California homicide rate falls to historic low as police make more arrests in killings
In summary
California police are making arrests after killings more often, a trend that could be contributing to the state’s record-low homicide rate.
California’s homicide rate reached a new record low last year, part of an ongoing national decline in homicides that set historic lows in major cities and reverses three years of a pandemic-related spike in the homicide rate.
The attorney general’s office released 2025’s crime statistics on Wednesday morning and said California’s homicide rate of 3.5 per 100,000 people is the lowest on record since 1966, the year the national homicide rate started climbing past 5.1 per 100,000 people and the earliest homicide rate records kept by the state.
Crime data analysts say there are several contributing factors to the decline, but no clear reason why the numbers are dropping as significantly as they are.
“At this point, as the number of homicides is about 18% below the pre-pandemic number, and the lowest reported in at least 40 years, additional contributing factors, beyond a return to normalcy, are likely to play a role,” said Magnus Lofstrom, policy director of criminal justice at nonpartisan think tank the Public Policy Institute of California.
“It is unclear what they are, but law enforcement’s ability to solve homicides may well be one.”
In Los Angeles, which had a significant federal law enforcement presence for at least one month last year, homicides were down in three of the Los Angeles Police Department’s four bureaus. The city’s homicide rate dropped to 5.9 per 100,000 people, the lowest rate in the city since 1959, according to the police department’s annual crime report.
The falling homicide rate in the state’s largest city was reflective of a broader national trend that continued into this year, what crime data analyst Jeff Asher said was the lowest rate of killings reported by the FBI in recent U.S. history.
After years of decline, the homicide rate in California surged by 31% in 2020 to 5.5 homicides per 100,000 people. In 2021, it rose again, to about 6 per 100,000 people.
But that trend began to turn in 2022. By the end of 2024, the homicide rate in California was down to 4.3 per 100,000 people.
California Democratic leaders said the statistics showed their policies were succeeding, although the declining homicide rate is in line with the national trend.

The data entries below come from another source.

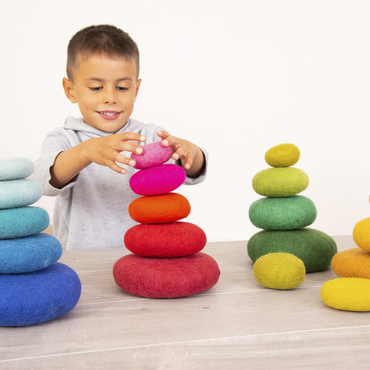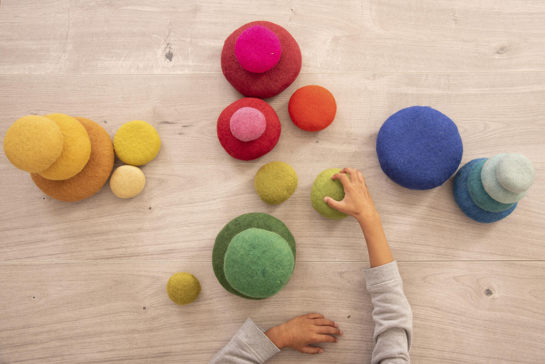5 st/fp. Filtstenar i olika storlekar och färgtoner för stapling, sortering eller klassificering. Minsta stenen är ø 7 cm och största är ø 16 cm. PVC-fri. Från 10 månader.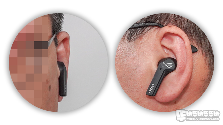 개인적으로 무선 이어버드는 외형적으로 투박한 느낌이지만 착용감은 좋은 편이며 터치센서가 있는 하우징의 ROG 로고 부분이 평면이 아닌 살짝 꺾여있는 디자인이라 손가락으로 터치 시 살짝 위치를 찾아야 하는 불편함이 있네요.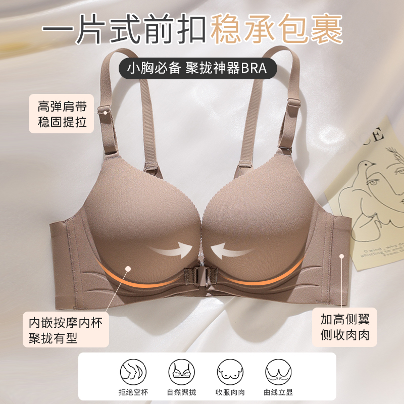无痕内衣女小胸聚拢前扣文胸薄款夏季无钢圈防下垂收副乳性感胸罩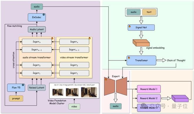 研究团队公开了 YingSound 的两个核心模块:基于 DiT 的 Flow-Matching 构建的音效生成模块,以及多模态思维链(Multi-modal CoT)控制模块,为音效生成提供精准支持。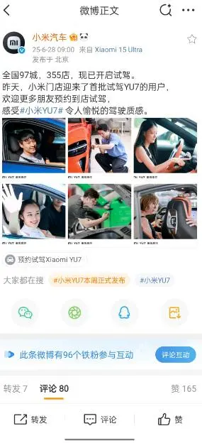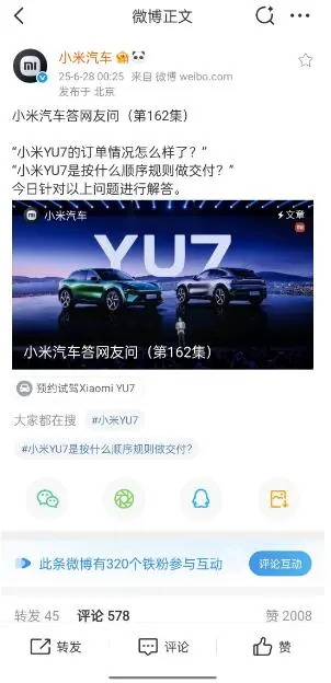 小米汽车深夜发文回应YU7交付规则。今日早间,小米汽车又称,昨天,小米门店迎来了首批试驾YU7的用户。 6月28日凌晨,小米汽车发文答网友问,其中针对“小米YU7是按什么顺序规则做交付?”、“小米YU7什么时 ...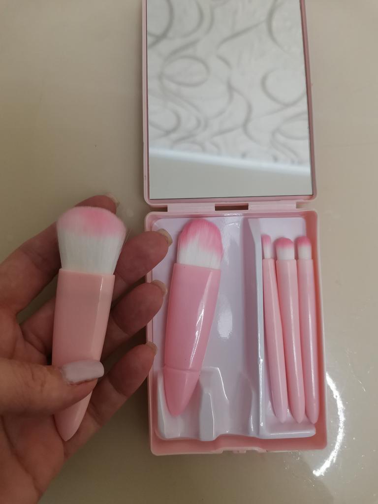 5pcs Set Travel Makeup Brush Set with Mirror Compact Powder Blush Eyeshadow Lip Brush Portable Multi Functional Cosmetic Beauty Tools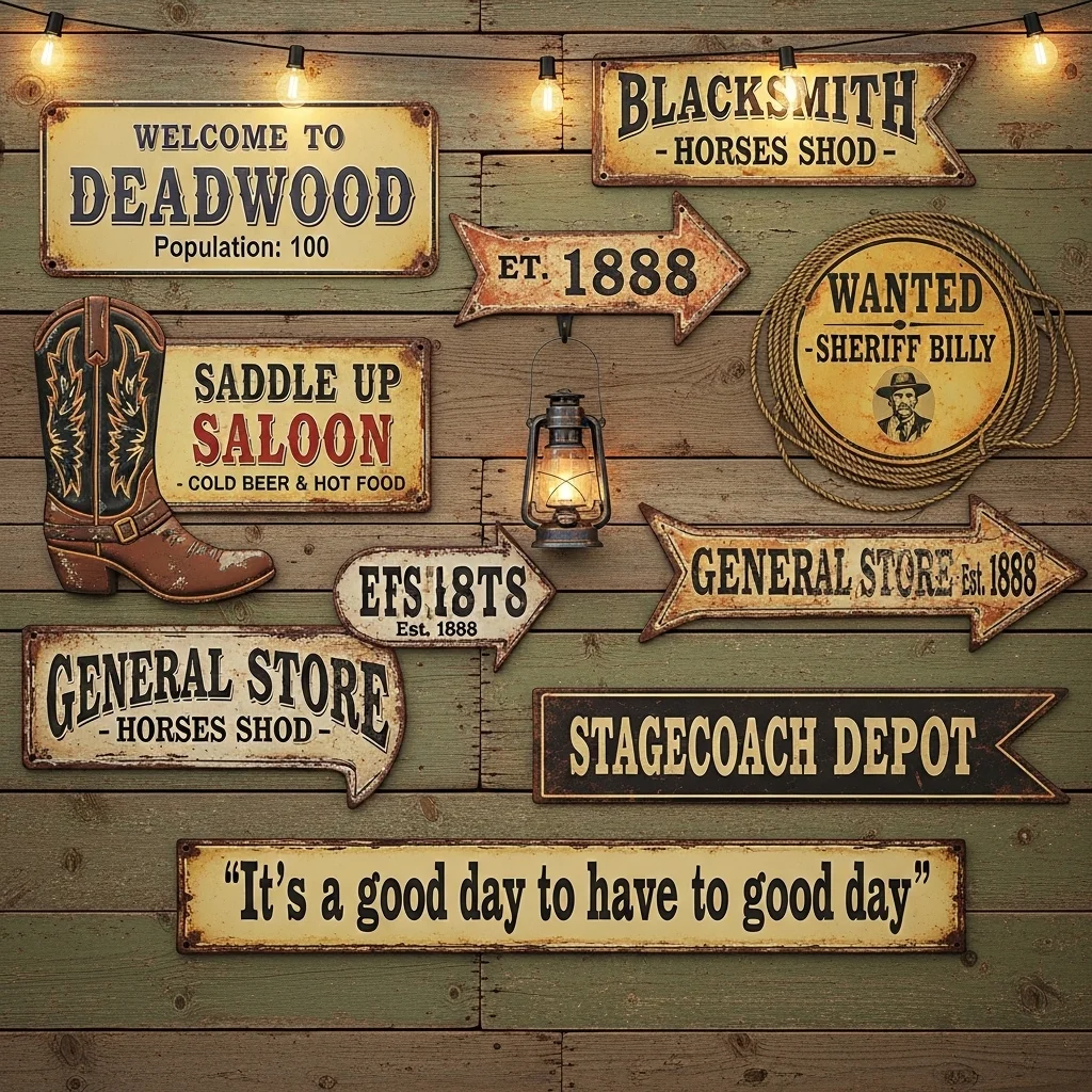 Add character and nostalgia with vintage Western signs. Whether they advertise local businesses or feature famous cowboy quotes, these decorative pieces can add a pop of color and storytelling to your walls.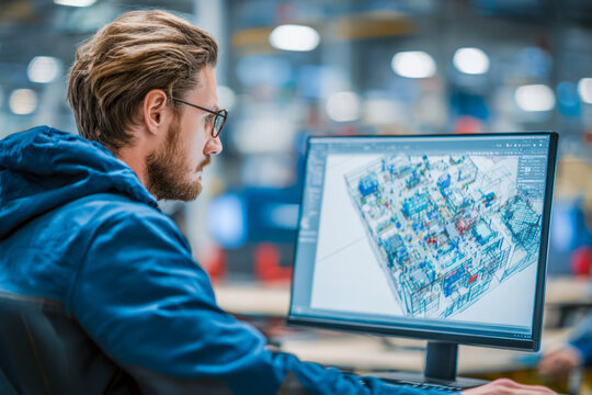 Engineer working on detailed 3d building design on computer in modern office environment with industrial background and focused expression
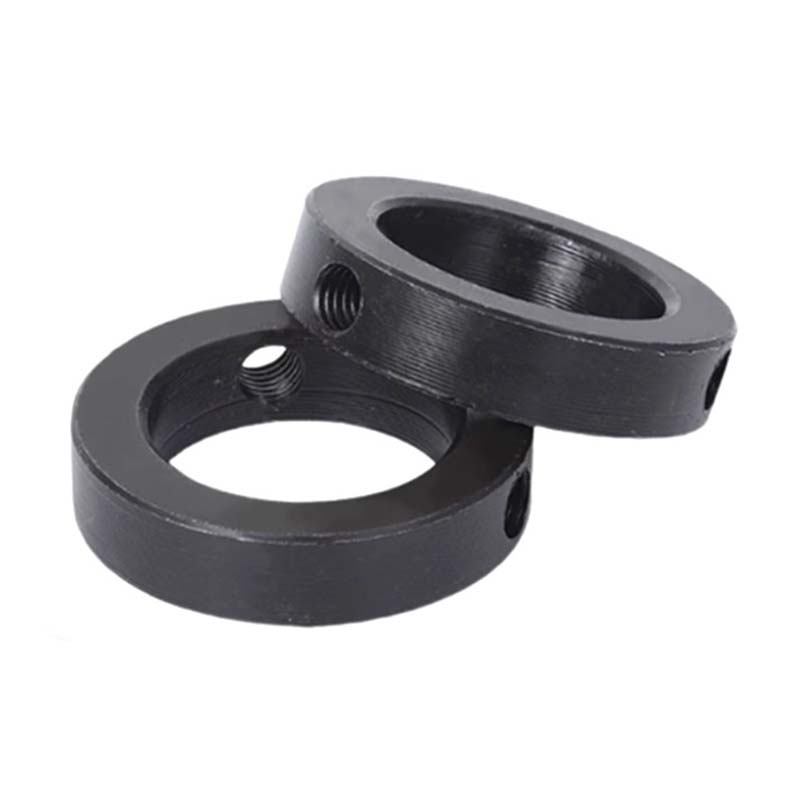 लॉक कॉलरसह स्क्रू लॉकिंग रिटेनिंग रिंगमध्ये एक थ्रेडेड लॉकिंग रिंग वैशिष्ट्यीकृत आहे जी थेट शाफ्ट किंवा बेअरिंग हौसिंगवर स्क्रू करते, सुरक्षित, कंपन-प्रतिरोधक लॉक प्रदान करते. पारंपारिक राखून ठेवणार्या रिंग्जच्या विपरीत, ज्यासाठी बेंड करणे आवश्यक आहे, या राखून ठेवणार्या रिंग्ज शाफ्टच्या सभोवताल स्थिर दबाव लागू करण्यासाठी लॉकिंग रिंगवर समायोज्य स्क्रू वापरतात. जरी उच्च गती किंवा उच्च दलाच्या खाली, या राखून ठेवणार्या रिंग्ज विस्थापनास प्रतिबंधित करतात. लॉकिंग रिंग देखील समान रीतीने दबाव वितरीत करते जेणेकरून शाफ्ट एकाच भागात संकुचित होणार नाही. रिंग्ज रिंग्ज आणि लॉकिंग रिंग्जचे संयोजन अनुप्रयोगांसाठी योग्य आहे ज्यास अचूक संरेखन आणि दीर्घकालीन स्थिरता आवश्यक आहे, जसे की गियर सिस्टम किंवा फॅक्टरी उपकरणे.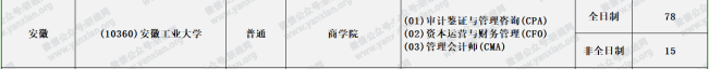 安徽工業大學2021年會計專碩全日制計劃招生78人非全日制計劃招生15人
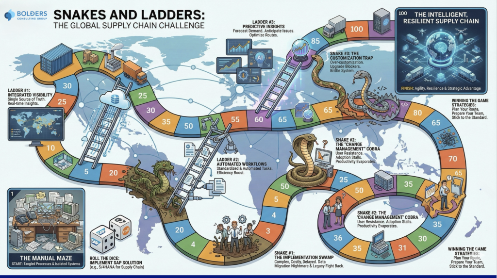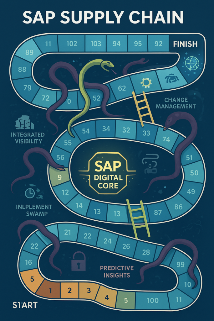 Imagine your global supply chain not as a linear process, but as a giant, complex board game. The goal is to reach the final square: “The Intelligent, Resilient Supply Chain.” The dice you roll to move forward? That’s the decision to implement an SAP solution. Welcome to the high-stakes game of SAP Snakes and Ladders. Every move on this board represents a strategic decision or an operational reality. Some will propel you forward with surprising speed these are your Ladders. Others will send you sliding back to square one, forcing you to rethink your strategy these are your Snakes. Let’s roll the dice and see what happens when an SAP solution enters the game.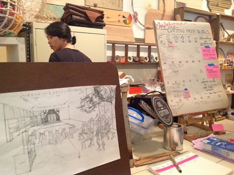 O + C: At first, people engage with the spectacle – thanks to our architect Esther Walker, who captured the feel of our place with her ingenuity and labor of love. Then they wander in and realize it is there for them. They seem to appreciate the options. Parents can make something or just sit and relax, teens can draw with nice materials in a studio, little kids can make forts and roll around in the “park” of leather hides and circle looms made by my daughter. And everyone is invited to hang work on the wall, participate in free classes, ask questions, and use the studio when the Museum is open.

“These numbers prove that the investments in community violence intervention over recent years and the commitment to effective partnerships and collaboration between federal, state, and local governments, law enforcement agencies, and community partners are working,” said Attorney General Rob Bonta in a press release.
At the same time the homicide numbers were climbing, the percentage of cases cleared by police was falling. A police department’s “clearance rate” compares the number of crimes reported to the number of arrests made, though the rates can vary dramatically among police departments.
Those numbers started to recover as the homicide rate dropped. From 55% in 2021, the homicide clearance rate rose to 64% in 2024. Last year, the homicide clearance rate was 79%.
“The most surprising part of the 2025 crime data to me was the 15% increase in the homicide clearance rate,” Lofstrom said. “This is very encouraging, but it will be important to unpack the notable jump to determine what efforts led to the striking improvement.”
Gov. Gavin Newsom touted the results Wednesday morning along with double-digit declines in the rates of robbery, car theft, property crime and violent crime overall.
“These results show that when we invest in our communities, support law enforcement, crack down on organized crime, and expand prevention and intervention efforts, we can save lives and improve public safety,” Newsom said.